Obvious evolutionary divergence could be observed within the studied landraces in the PCA scatter plot when these accessions were colored (Figure 4C). Three landraces (Chinese Spring, Baihulutou, and Mazhamai) were separated from the other nine accessions (Figure 4C), and they had a higher ancestral coefficient of the NW group (Figure 4D). However, most of the landraces showed a mixed state (Figure 4D), i.e., the ancestral coefficients of NW, HH1, and HH2 were lower than 0.5. These results suggested that the landraces of bread wheat might have a higher genetic heterozygosity than the bred varieties.

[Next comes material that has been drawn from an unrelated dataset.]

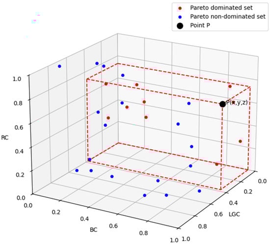 As a consequence, this paper introduced a ranking method based on the Pareto dominated set. Using this, the dominated set of each node is worked out and the sum of the final TOPSIS score is a new indicator to assess journals. Taking point as an example, where x is the standardized LGC(P), standardized BC(P), and standardized RC(P), the dominated set of P is defined by the points in the cuboid that are marked in red, with smaller values of the scores in all three dimensions. Point P itself belongs to the dominant set of P, otherwise, if the dominated set of point P is empty, then the score of point P is 0. If many points are scored as 0, the results will not be comparable. The Pareto dominated set diagram is shown in Figure 3. The new indicator of the Pareto dominated set-based sum of the TOPSIS (PDS-based STS) score is defined as follows [32].

3.3. Genetic Diversity within the Three Geographical Groups

Since the above population structure analysis and PCA results indicated that the ancestral components of these accessions are related to their geographical distribution (Figure 3C and Figure 4B), it is necessary to separately evaluate the genetic diversity of accessions from NW, HH1, and HH2. Four indices (π, MAF, PIC, and Hexp) were used to evaluate the genetic diversity within the three groups. The results revealed that within the HH agro-ecological regions, HH1 had higher nucleotide diversity (π = 0.31167), minor allele frequency (MAF = 0.2663), polymorphism information content (PIC = 0.2668), and expected heterozygosity (Hexp = 0.3346) than HH2 (Table 1). NW had very close genetic diversity indices to HH1 with π = 0.31058, MAF = 0.2597, PIC = 0.2675 and Hexp = 0.3360.
Moreover, according to their breeding years, the 292 bread wheat cultivars were divided into three groups: before 2000, 2000–2009, and after 2009. The four genetic diversity indices (π, MAF, PIC, and Hexp) were also calculated within the three groups, respectively. Although the number of samples varied greatly among different groups, it could be clearly observed that the group with breeding years closer to the present had lower genetic diversity as indicated by the lower π and MAF values (Table 1).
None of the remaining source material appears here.